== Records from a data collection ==

※

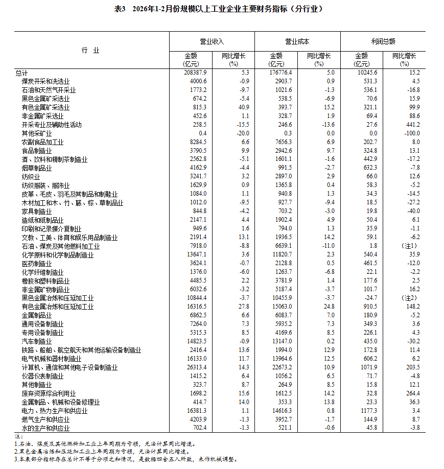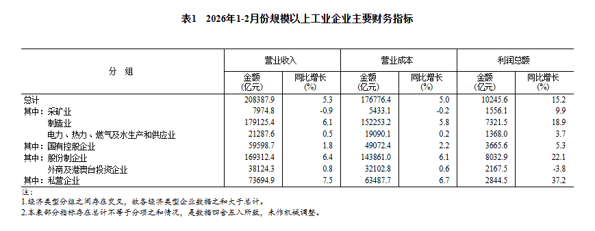 2026年1—2月份全国规模以上工业企业利润增长15.2%
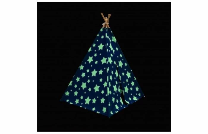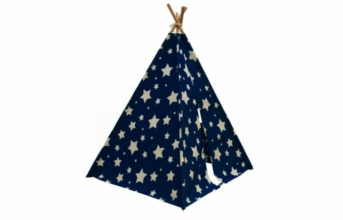 Deze gave tipi tent heeft een mooie donkerblauwe kleur met heldere sterren die in de nacht licht geven. Deze Cosmo tipi tent is eenvoudig op te bouwen en voelt als een magische plek zodra de sterren beginnen te stralen.
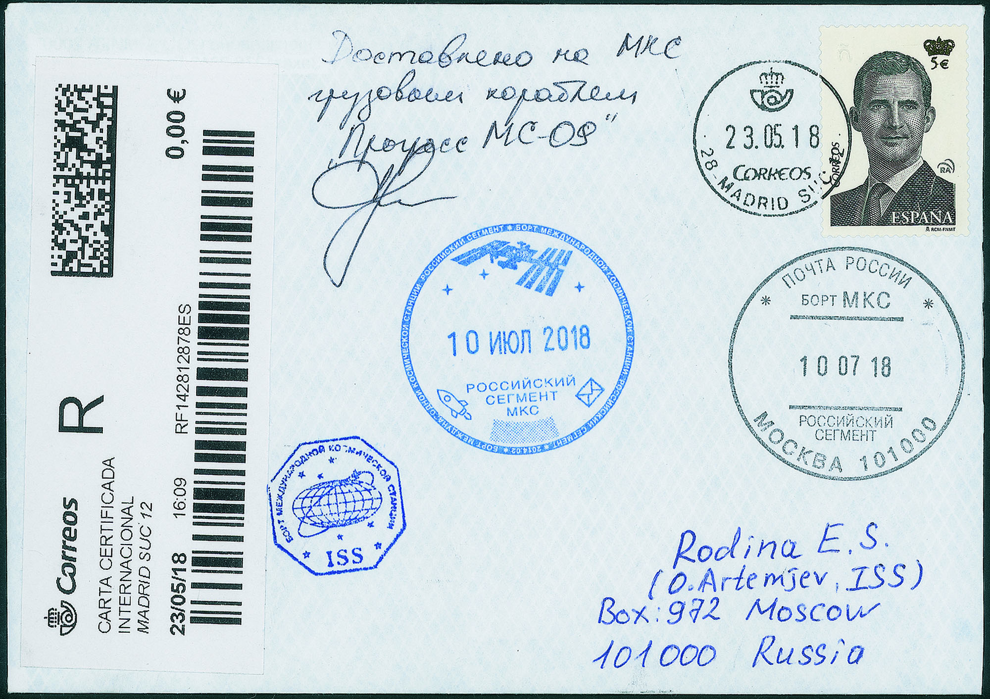 Cosmogramma spedito dalla Terra alla Stazione Spaziale Internazionale a bordo della navicella di rifornimento senza equipaggio Progress MS-09 - prima la lettera fu spedita da Madrid (Spagna) per raccomandata in Russia - lettera timbrata con gli annulli di bordo - è considerato il viaggio per la ISS più veloce mai compiuto - il cosmonauta O.Artemyev ha scritto una nota sulla busta: È consegnata alla ISS dalla navicella Progress MS-09 - molto bella e di ottima qualità - foto di autenticità dallo spazio - cert. Rodin
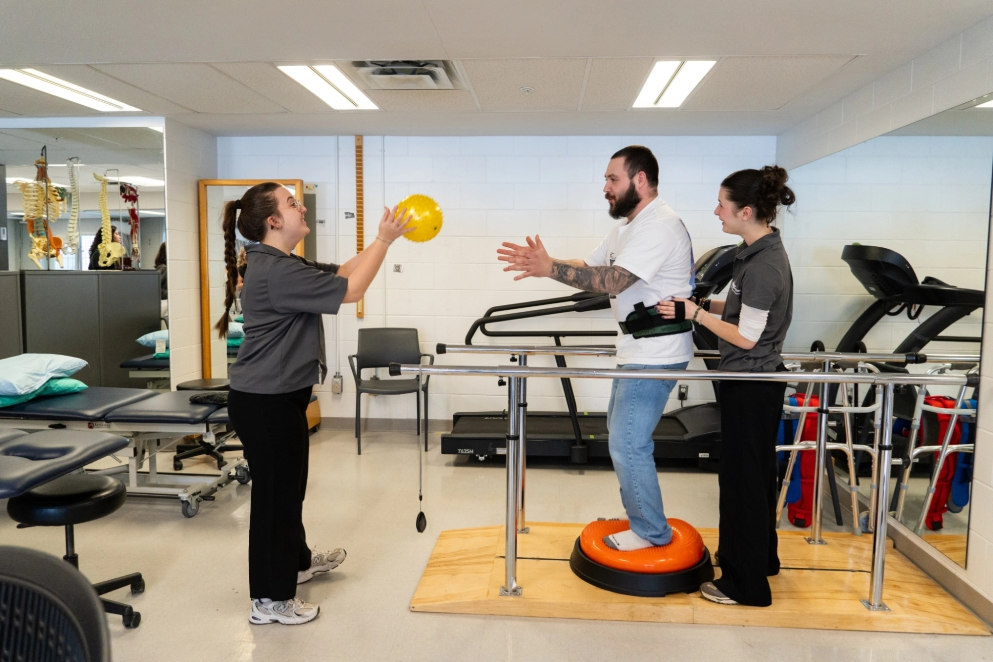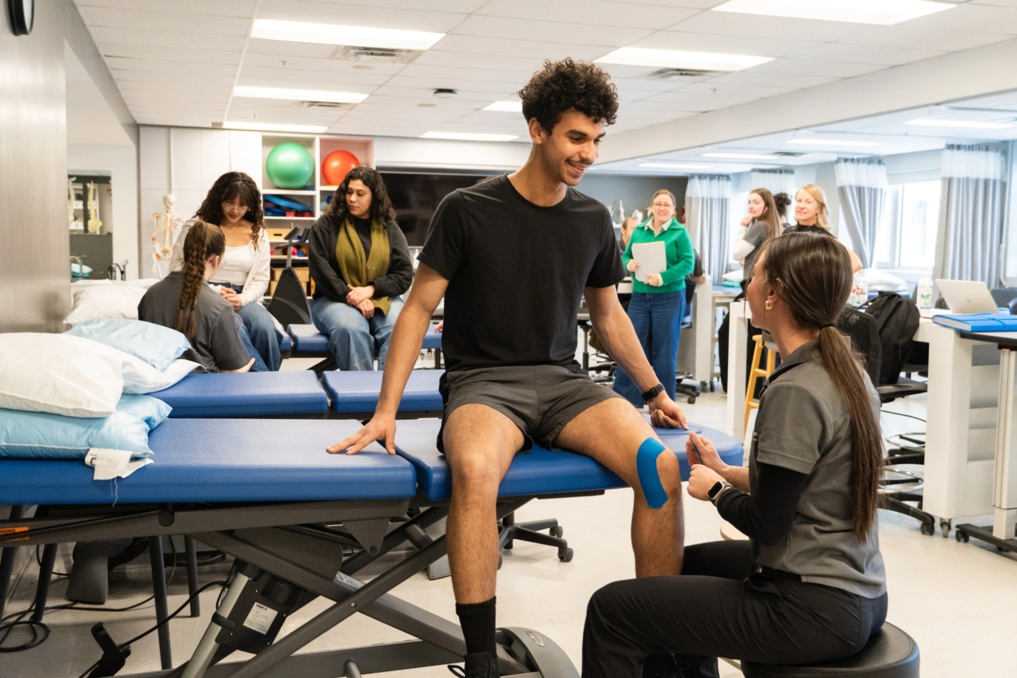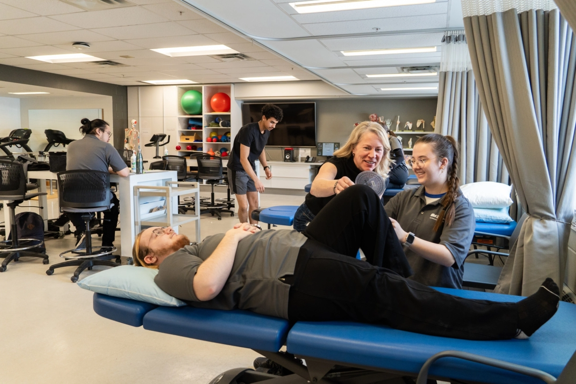Les étudiantes et étudiants en Physiothérapie du Cégep Marie-Victorin se trouvent dans la clinique-école de l'établissement. Ils procèdent à des manipulations physiques entre collègues et apprennent par la mise en pratique. La théorie apprise est ainsi réinvestie en clinique. Les étudiantes et étudiants du Cégep Marie-Victorin ont de nombreux outils et matériels qui les aident à soigner leurs patients.
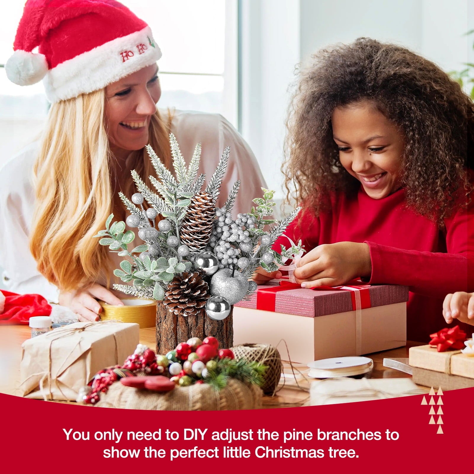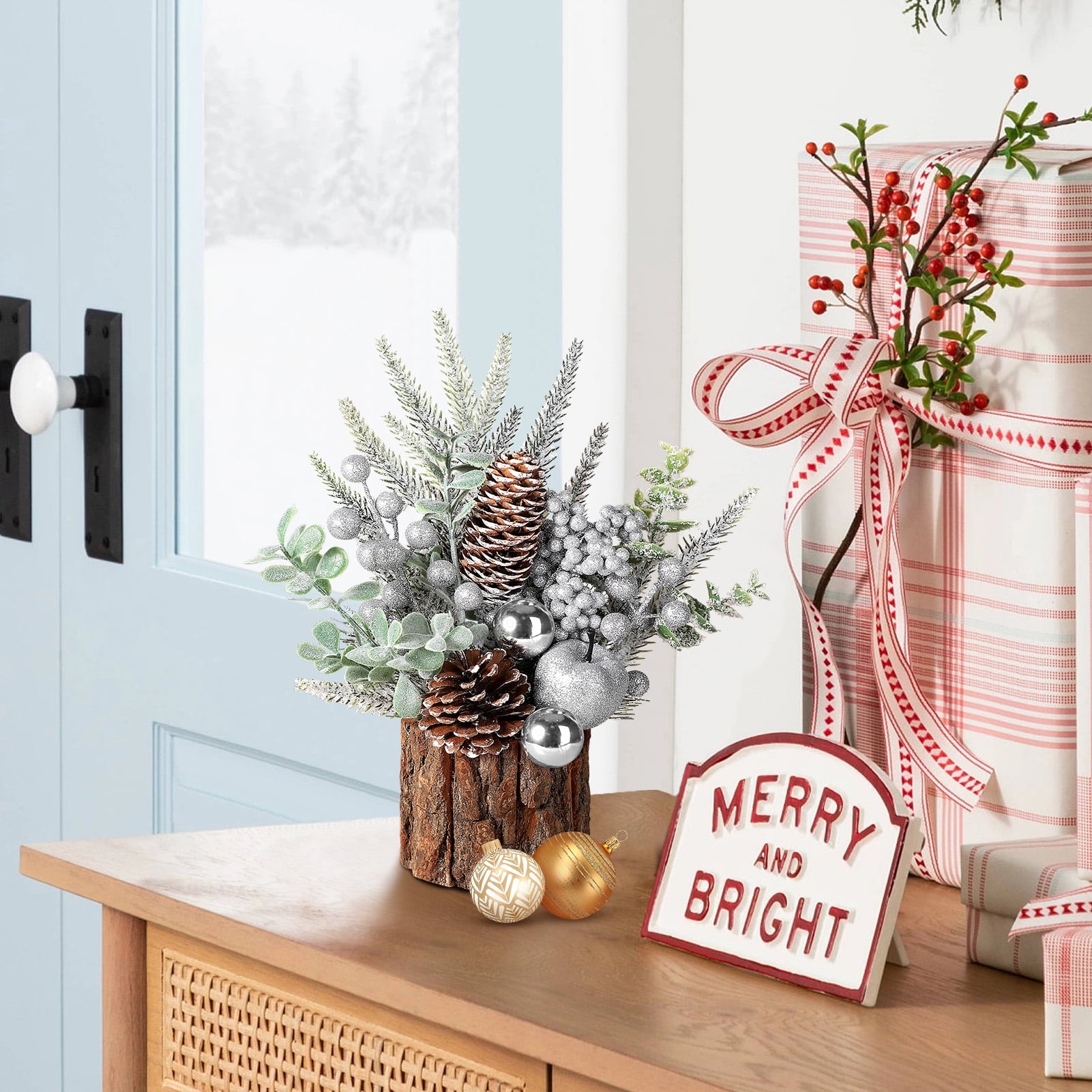 Funbty Small Christmas Tree, Artificial Mini Tabletop Christmas Tree Decorations with Christmas Ornaments, for Xmas Party Thankgivings Christmas Decor (Silver)

※

== Exercise instructions ==
Copy exactly, and only, the lines from the first entry through the line holding "Deze gave tipi", both ends included, leaving out every picture.

== Answer to the exercise ==
 2026年1—2月份全国规模以上工业企业利润增长15.2%
 Deze gave tipi tent heeft een mooie donkerblauwe kleur met heldere sterren die in de nacht licht geven. Deze Cosmo tipi tent is eenvoudig op te bouwen en voelt als een magische plek zodra de sterren beginnen te stralen.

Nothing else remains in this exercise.